▸ Task statement
Repeat precisely the span of lines below that opens with the line containing "Number(s) | esv2656936" and closes with the line containing "Un giubbino reversibile", both included.

▸ Record extracts
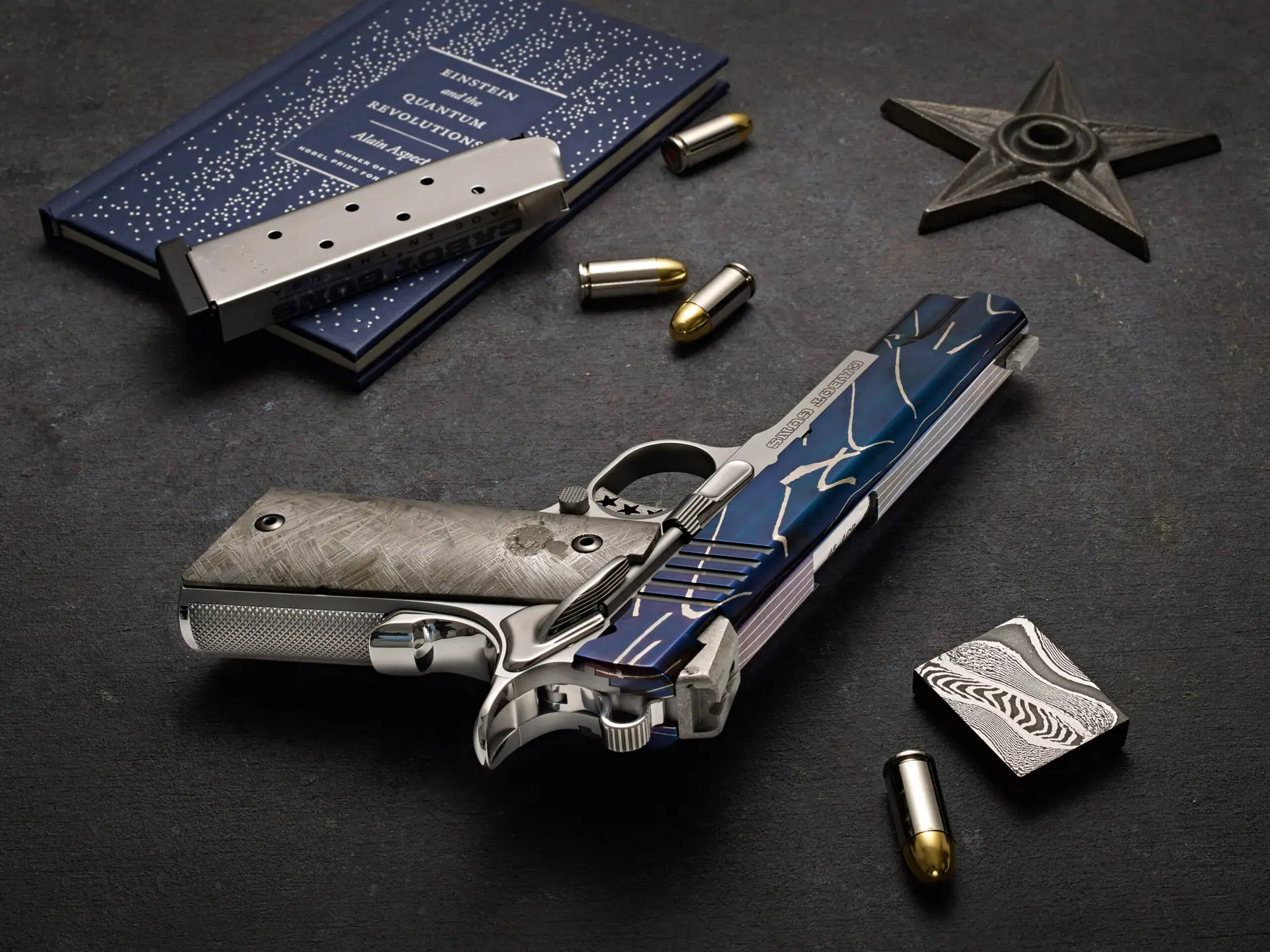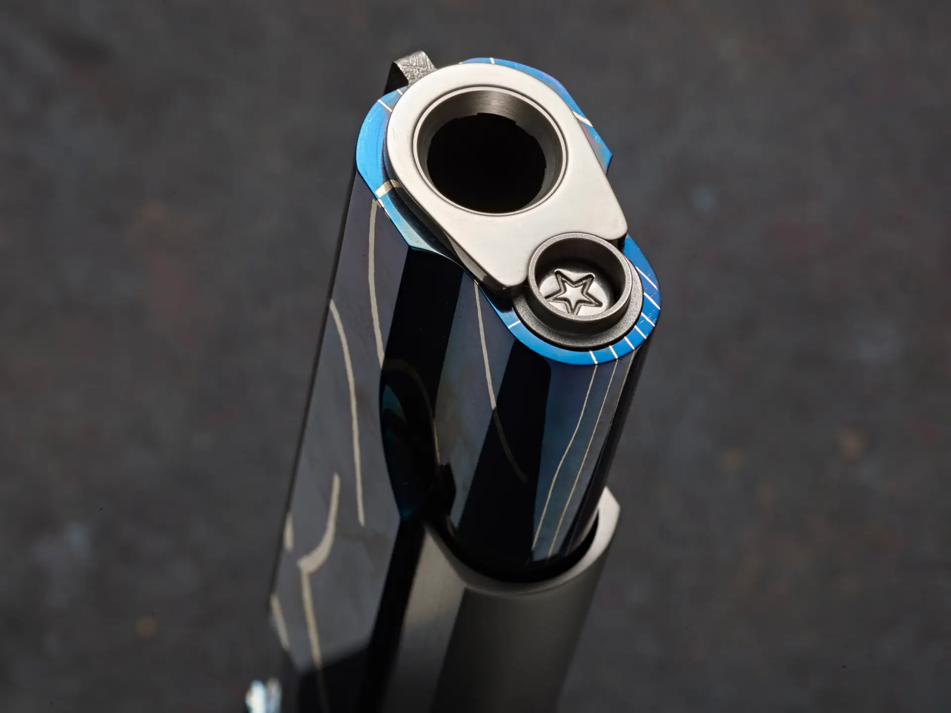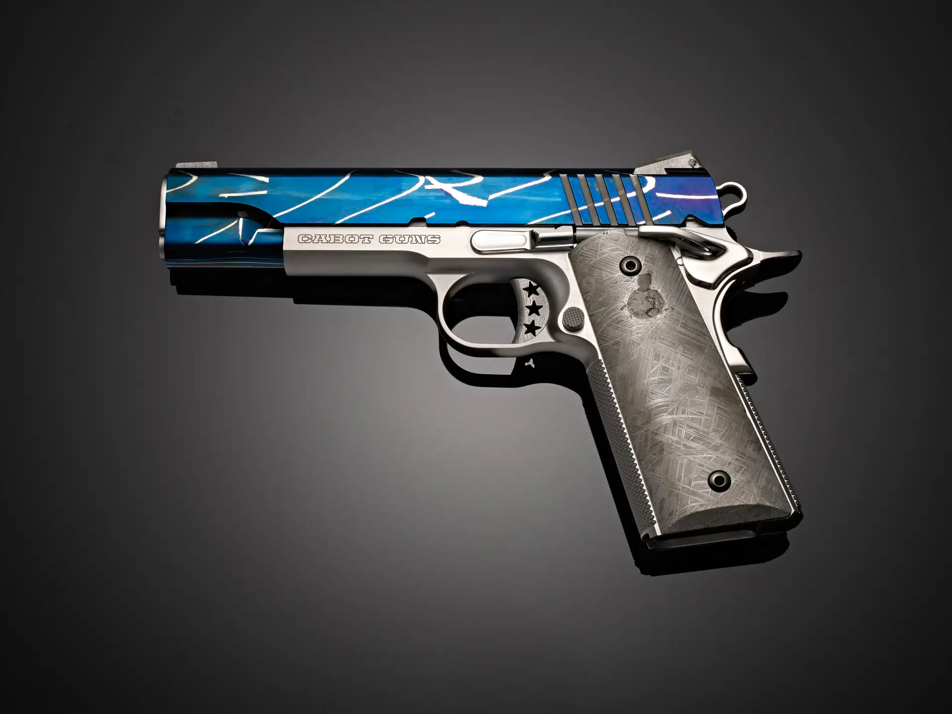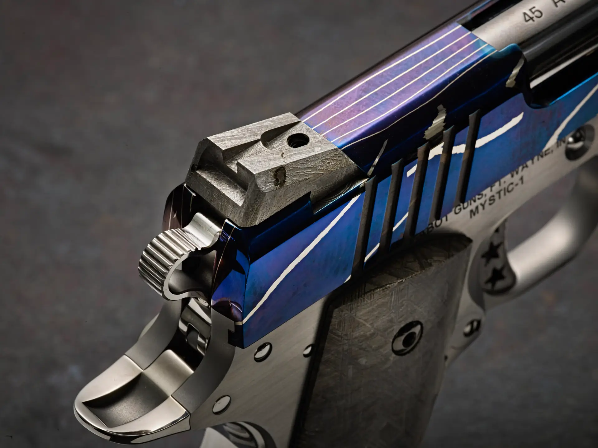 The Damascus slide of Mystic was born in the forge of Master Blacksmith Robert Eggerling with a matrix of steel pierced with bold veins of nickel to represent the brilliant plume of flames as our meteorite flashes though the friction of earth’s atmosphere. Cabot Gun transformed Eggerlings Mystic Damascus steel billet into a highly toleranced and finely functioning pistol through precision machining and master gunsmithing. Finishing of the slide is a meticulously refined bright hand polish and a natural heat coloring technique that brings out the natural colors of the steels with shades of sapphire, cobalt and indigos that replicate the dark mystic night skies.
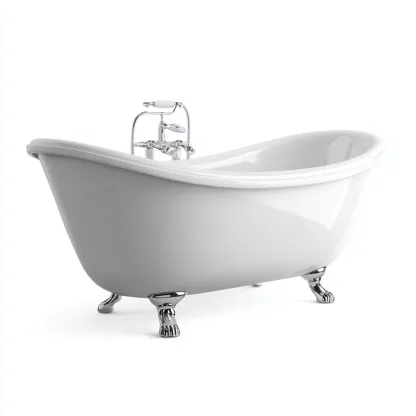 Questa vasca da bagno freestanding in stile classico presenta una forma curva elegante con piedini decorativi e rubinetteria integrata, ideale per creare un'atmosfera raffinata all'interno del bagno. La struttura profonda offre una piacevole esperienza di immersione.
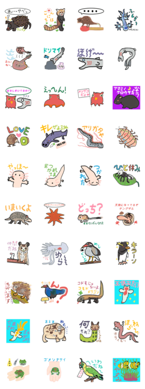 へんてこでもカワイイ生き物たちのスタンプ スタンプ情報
---
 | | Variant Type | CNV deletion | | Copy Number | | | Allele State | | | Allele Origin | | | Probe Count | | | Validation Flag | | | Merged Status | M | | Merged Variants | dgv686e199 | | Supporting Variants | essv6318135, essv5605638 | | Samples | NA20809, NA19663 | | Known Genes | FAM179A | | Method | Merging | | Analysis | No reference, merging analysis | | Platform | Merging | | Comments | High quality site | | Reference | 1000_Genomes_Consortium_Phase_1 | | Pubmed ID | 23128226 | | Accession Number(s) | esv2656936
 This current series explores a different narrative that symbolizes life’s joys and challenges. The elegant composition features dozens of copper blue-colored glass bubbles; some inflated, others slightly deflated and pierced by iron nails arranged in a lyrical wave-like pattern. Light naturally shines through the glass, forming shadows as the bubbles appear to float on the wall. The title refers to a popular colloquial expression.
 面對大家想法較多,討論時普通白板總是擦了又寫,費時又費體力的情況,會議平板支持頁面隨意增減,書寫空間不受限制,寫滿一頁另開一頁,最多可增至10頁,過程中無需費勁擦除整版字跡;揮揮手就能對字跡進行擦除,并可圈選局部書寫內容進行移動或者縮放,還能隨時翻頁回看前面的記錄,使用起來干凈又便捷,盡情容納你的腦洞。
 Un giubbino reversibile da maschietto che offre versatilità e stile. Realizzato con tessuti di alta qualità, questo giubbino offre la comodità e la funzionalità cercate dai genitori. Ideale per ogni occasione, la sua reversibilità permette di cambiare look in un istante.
==
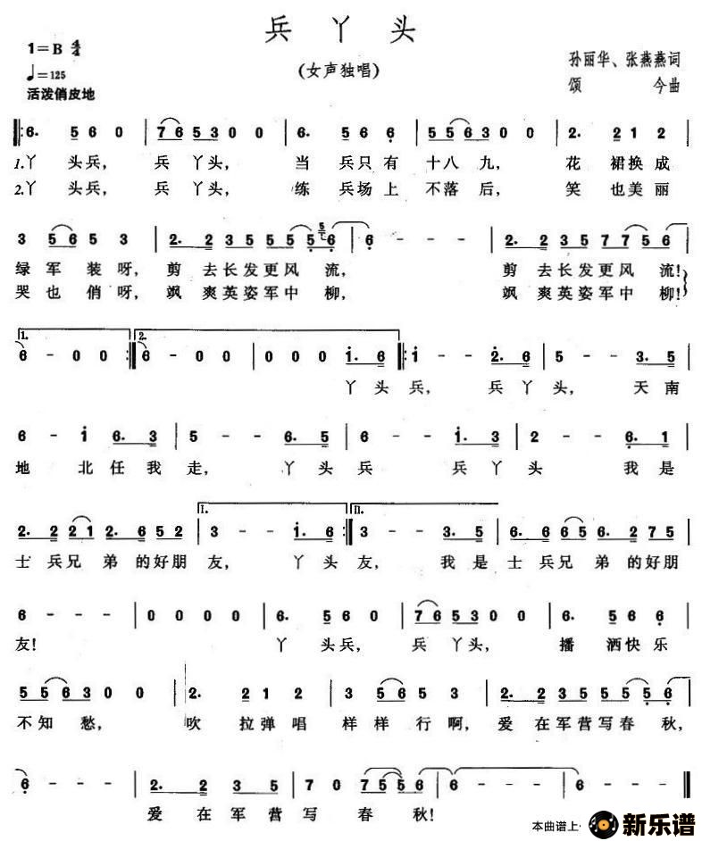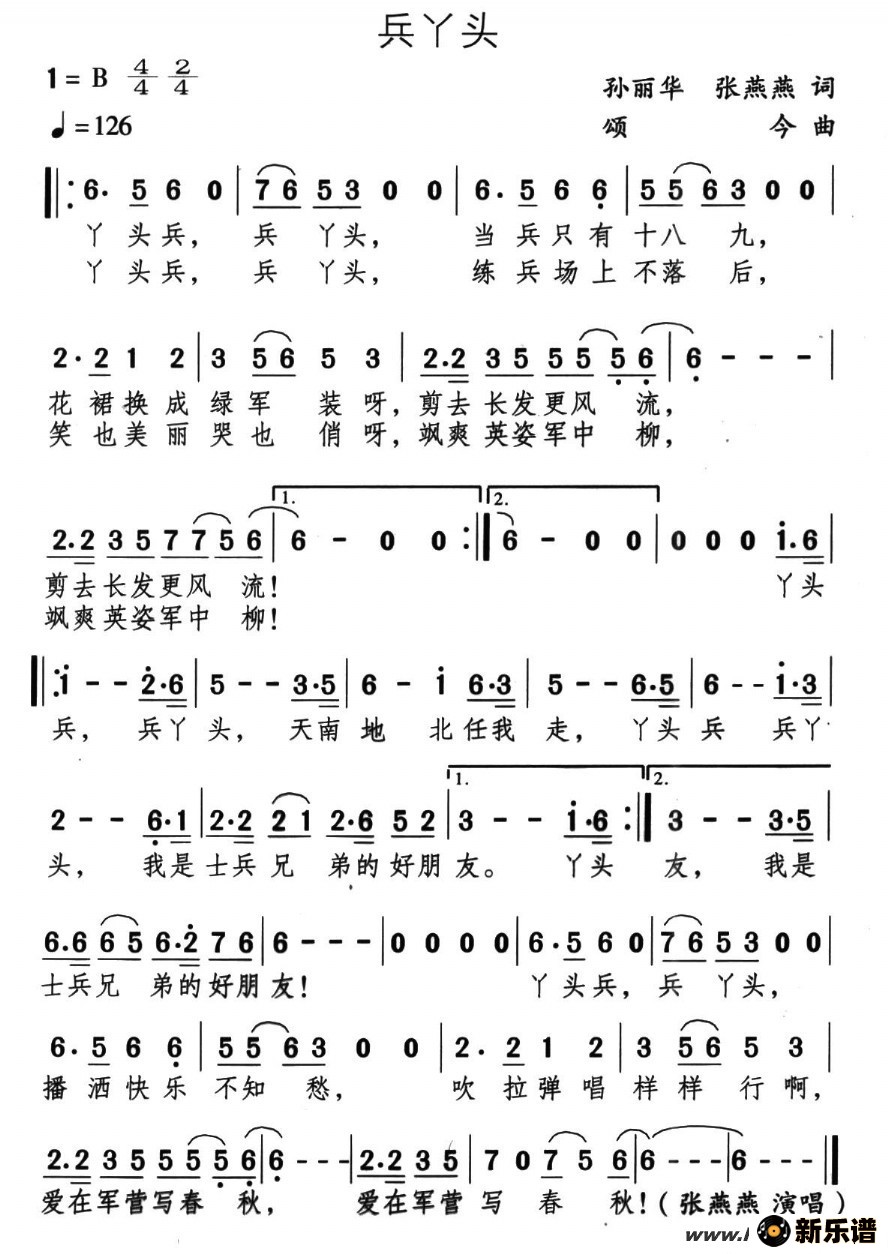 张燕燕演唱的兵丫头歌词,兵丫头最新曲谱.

▸ Your solution
 | | Variant Type | CNV deletion | | Copy Number | | | Allele State | | | Allele Origin | | | Probe Count | | | Validation Flag | | | Merged Status | M | | Merged Variants | dgv686e199 | | Supporting Variants | essv6318135, essv5605638 | | Samples | NA20809, NA19663 | | Known Genes | FAM179A | | Method | Merging | | Analysis | No reference, merging analysis | | Platform | Merging | | Comments | High quality site | | Reference | 1000_Genomes_Consortium_Phase_1 | | Pubmed ID | 23128226 | | Accession Number(s) | esv2656936
 This current series explores a different narrative that symbolizes life’s joys and challenges. The elegant composition features dozens of copper blue-colored glass bubbles; some inflated, others slightly deflated and pierced by iron nails arranged in a lyrical wave-like pattern. Light naturally shines through the glass, forming shadows as the bubbles appear to float on the wall. The title refers to a popular colloquial expression.
 面對大家想法較多,討論時普通白板總是擦了又寫,費時又費體力的情況,會議平板支持頁面隨意增減,書寫空間不受限制,寫滿一頁另開一頁,最多可增至10頁,過程中無需費勁擦除整版字跡;揮揮手就能對字跡進行擦除,并可圈選局部書寫內容進行移動或者縮放,還能隨時翻頁回看前面的記錄,使用起來干凈又便捷,盡情容納你的腦洞。
 Un giubbino reversibile da maschietto che offre versatilità e stile. Realizzato con tessuti di alta qualità, questo giubbino offre la comodità e la funzionalità cercate dai genitori. Ideale per ogni occasione, la sua reversibilità permette di cambiare look in un istante.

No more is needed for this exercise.